6. Undefined or unstated terms can cause problems later. “Commuter rail” isn’t defined in the resolution, but it’s considered elsewhere to be far more substantial than mere rapid transit. It usually runs 30 to 125 miles per hour from suburban areas into the heart of an urban hub. Does that hub mean to Dadeland, the northern end of the busway, or does it mean to downtown Miami via the current Metrorail tracks? That’s unstated.

Clearly, “commuter rail” differs from either light rail or Metrorail. It’s a heavier-duty operation. It would probably yield very few stops between Homestead and the heart of Miami, freezing out communities along the way. The resulting “transit envy” could be an impediment, creating opponents such as the ones Brightline is finding in counties where it doesn’t plan to stop on the way from Miami to Orlando.

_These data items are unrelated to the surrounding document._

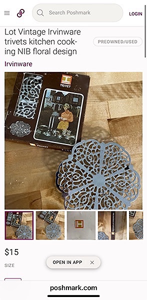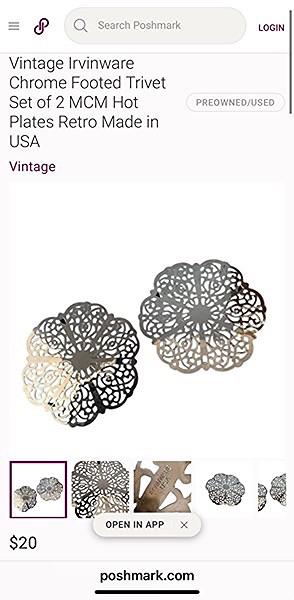 From the 1970s, Made of chrome and gold plated metal, both trivets have a diameter of 4” and each comes with three rubber tipped feet for stability. Produced by the Leonard Silver Company under the Irvinware brand, this original piece exudes the fashion and elegance of the 1970s era. Perfect for all occasions, this trivet is a unique collectible item that adds a touch of vintage charm to any kitchen or dining area…$10 total, firm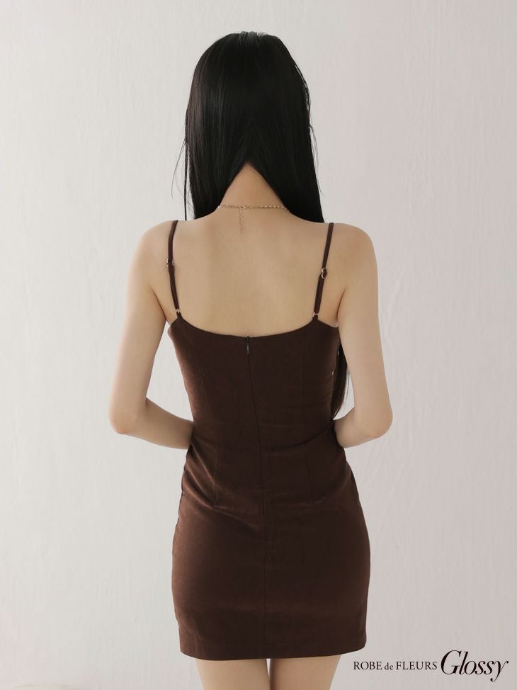 4. [ROBEdeFLEURSGlossy/ローブドフルールグロッシー] 高級 ブランド タイトミニドレス キャミソール 谷間 ショルダーチェーン フェイクスエード ボタン ワンカラー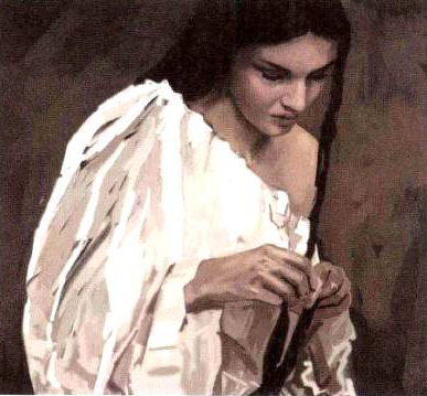 3修整:参考图片的头发披到前面,感觉较为琐碎,为了让整个画面有一种整体的宁静感,只有把它们都盖住了。这一步我还对面部与手部都做了更深的细化。不知大家看到这里有没有发现一个规律,很多时候我都喜欢在上色时用一些小笔触蘸些颜色在画中来一次蜻蜓点水,然后将这些突兀的颜色润开。

The largest US commuter rail systems by use are three in New York, one in Philadelphia and one in Chicago – all rail-friendly cities. Such systems have another thing in common: they usually share tracks with freight lines and inter-city rail, lowering costs. But there would be no sharing from Homestead to Dadeland – though commuter rail could share Metrorail tracks from Dadeland to downtown.

Don’t think frequency of trains. Metrorail is supposed to run at five-minute intervals in peak hours. “Commuter rail” generally runs on schedules, far less frequently and fewer hours a day.

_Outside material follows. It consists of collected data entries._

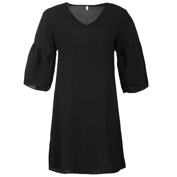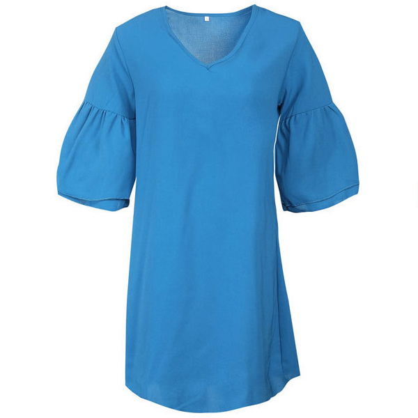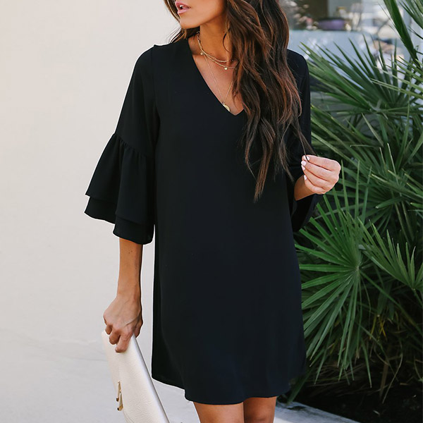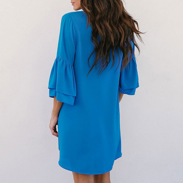 finished with 3/4 sleeve,v-neck and a loose silhouette,this dress knows how to give you a cozy yet stylish style.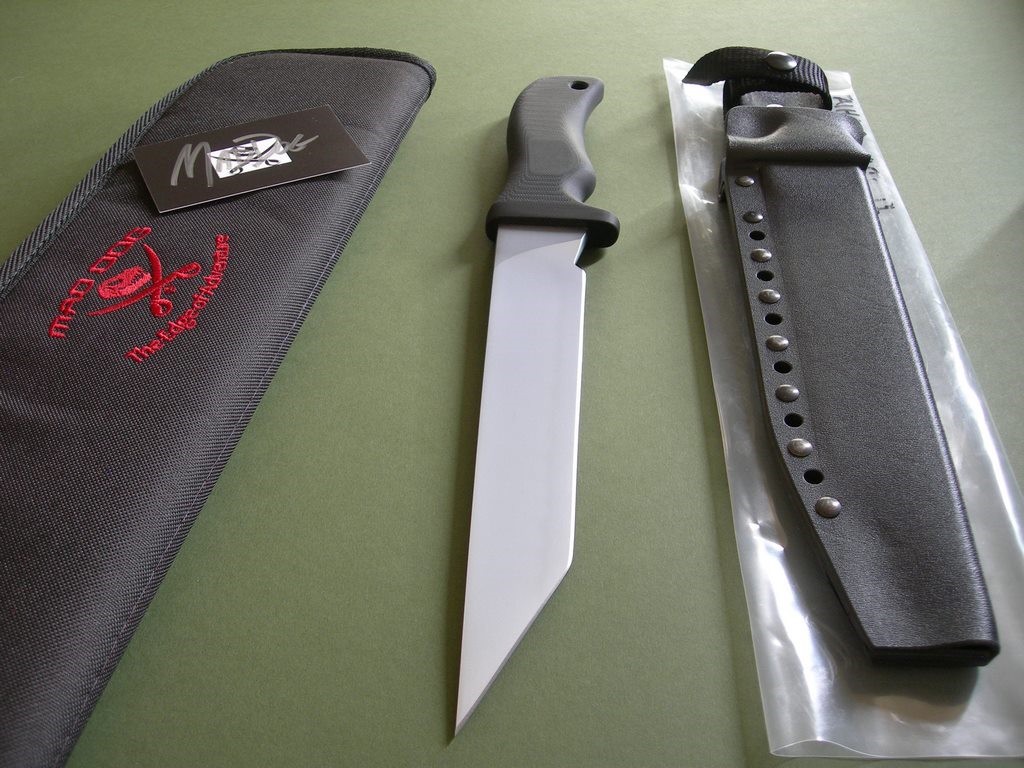 Mad Dog "Taiho 9" with a 9" hard chromed tanto blade and upgraded VVTL finish. One with large JMD and one with MDJMD, both made with T1 choils and black composite handles. This is a heavy hitting tactical fighter, 1/4" blade stock with an overall length of 14-1/8". I haven't seen another Taiho 9 for sale in like... FOREVER!! (other than my website!) These bad boys are brand new and in mint condition.
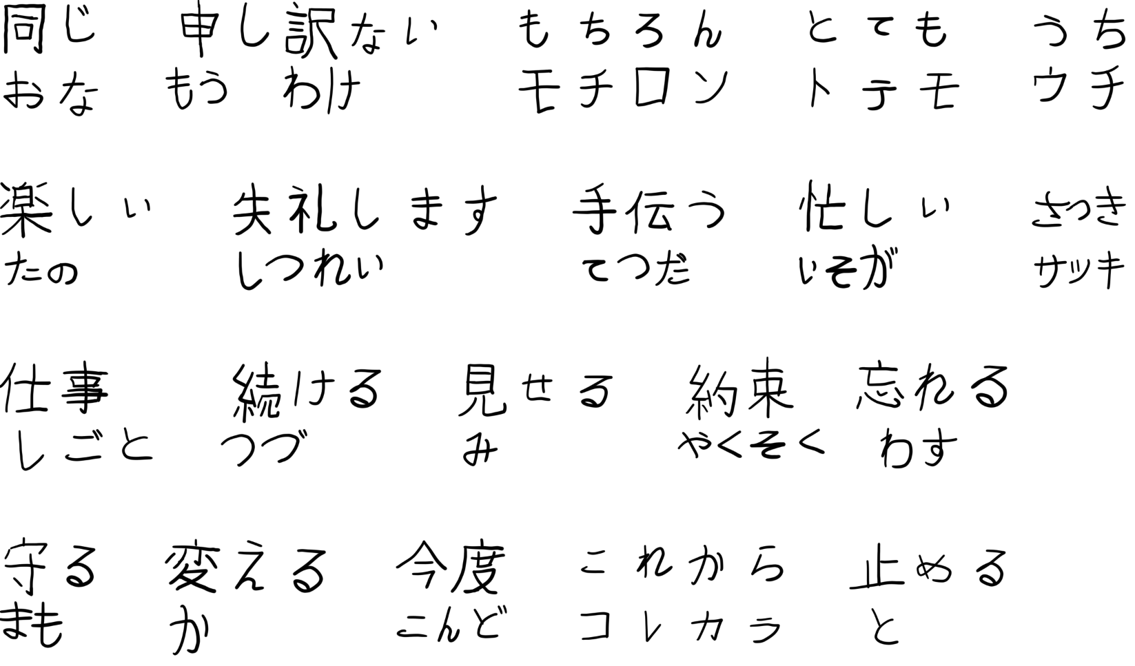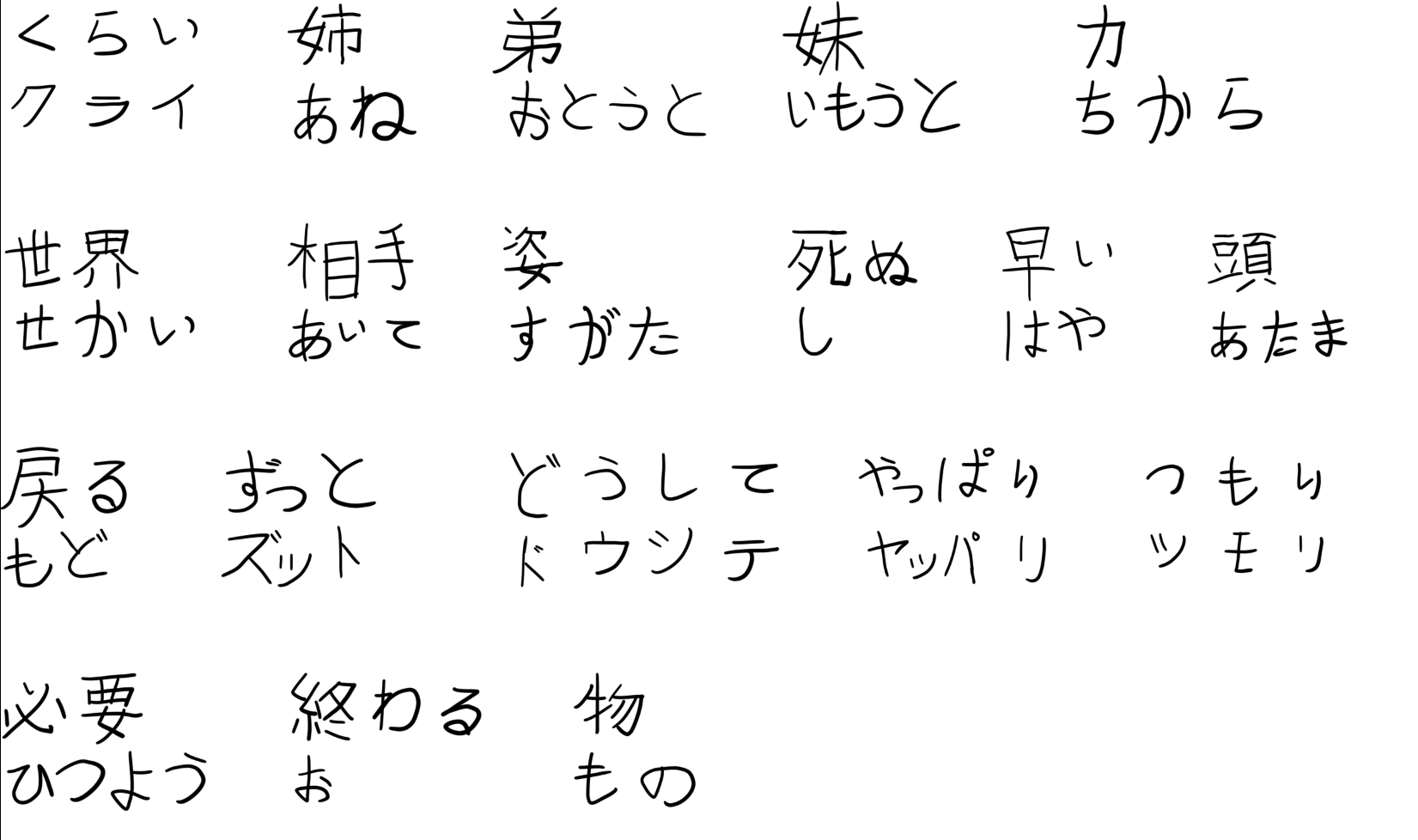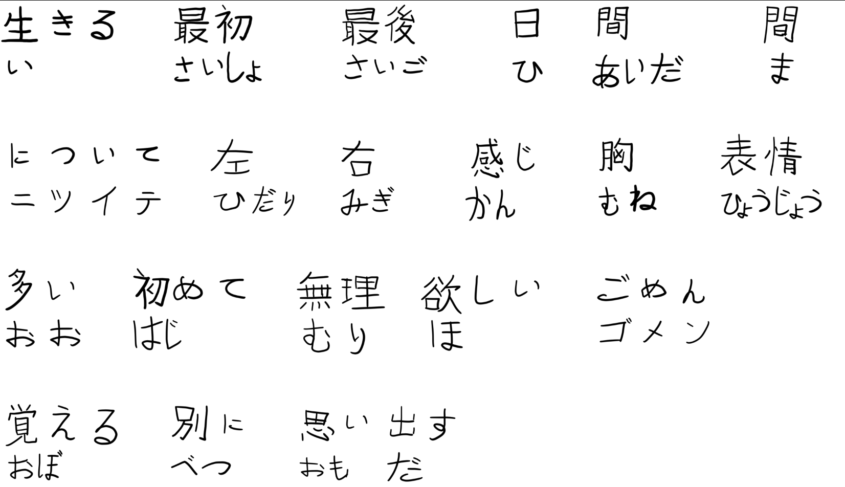 В прошлые разы когда делал таблицу - ловил демотивацию. Но сейчас было наоборот. Потому что многие слова, которые всего неделю назад для меня были просто набором символом - сейчас прочно засел в голове. Например 出来る. Оно у меня липучее и я много с ним фейлил, но увидев его сейчас я легко и прочёл его и значение назвал. Это приятное ощущение.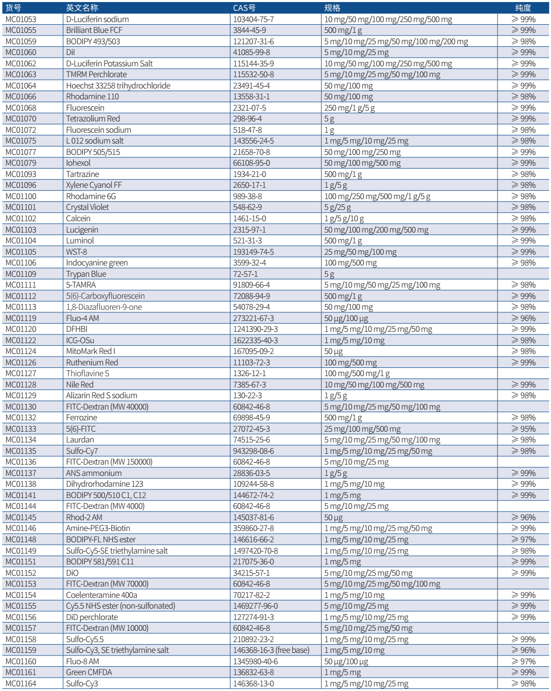 熒光染料是指吸收某一波長的光波后能發(fā)射出另一波長大于吸收光的光波的物質(zhì)。通過共價結(jié)合或物理吸附在所要研究物質(zhì)結(jié)構(gòu)中,借助熒光特性對被標記對象進行定性、定位以及定量分析。其在蛋白的功能研究、藥物篩選等領(lǐng)域具有廣泛的應(yīng)用。

Does that concept make sense along the South Dade busway? That essentially is what Mr. Moss is asking in seeking to broaden a study.

We appreciate the question.

Still, we’d rather the vote be narrower, merely asking the mayor how much extra time this added study could take, how much more it would cost to add a fourth possibility after work has already begun (assuming that two years after a county vote, a study has actually begun of transit what-ifs), and what budgeted projects the county would forego in order to examine an unlikely upgrade to a heavier-duty and hence costlier rail system built with money we don’t have.

We’d also want a ballpark estimate of how much extra heavier-duty rail would cost rather than extending Metrorail, which itself would still probably be out of our financial league.

If we study a big rail upgrade more suitable to denser urban areas that already have tracks laid, we might find that it is absolutely the best system that we will never be able to afford.

Is that worth the added wait to make transit decisions and the longer time to get it rolling if we could even afford it, the change order in a country contract that we would have to fund even if we could never finance commuter rail, and the lopping off of now-unspecified other projects in order to expand a study already going on?

The resolution doesn’t touch any of those consequences. Commissioners most likely will vote without even mentioning any of those dominos that would fall, one by one. But fall they would.

Mr. Moss’s resolution makes sense in a vacuum. But in county government, there are no vacuums. Dominos keep falling.

2 Responses to Simple vote on rail study makes lots of stops along the line

  1. B

    July 11, 2018 at 5:46 pm

    Commuter rail actually has an accepted definition: think Tri-rail. It’s actually better defined than the bus options.

    You forgot to mention the existing CSX tracks from Homestead to MIA station passing through Kendall and the FIU area. CSX has been willing to sell the tracks, the County just has to buy them and build the stations and you’d have much of the County covered by commuter rail.

  2. Jim Garrett

    July 12, 2018 at 4:55 pm

    Two of six SMART PLAN corridors may be operating by using existing railroad tracks: (1) East-West corridor using CSX tracks running parallel to 836 Expressway and extend it out to FIU; and (2) Northeast corridor using FEC tracks. The third SMART PLAN corridor could be built with railroad tracks on the existing South Dade Busway from the Metrorail Dadeland South station to Homestead. The fourth SMART PLAN corridor should look at Julia Tuttle Causeway to run light rail over to the Beach in a loop while staying off Washington Avenue, 5th Street, and Alton Road by using less congestive streets from the Design District station.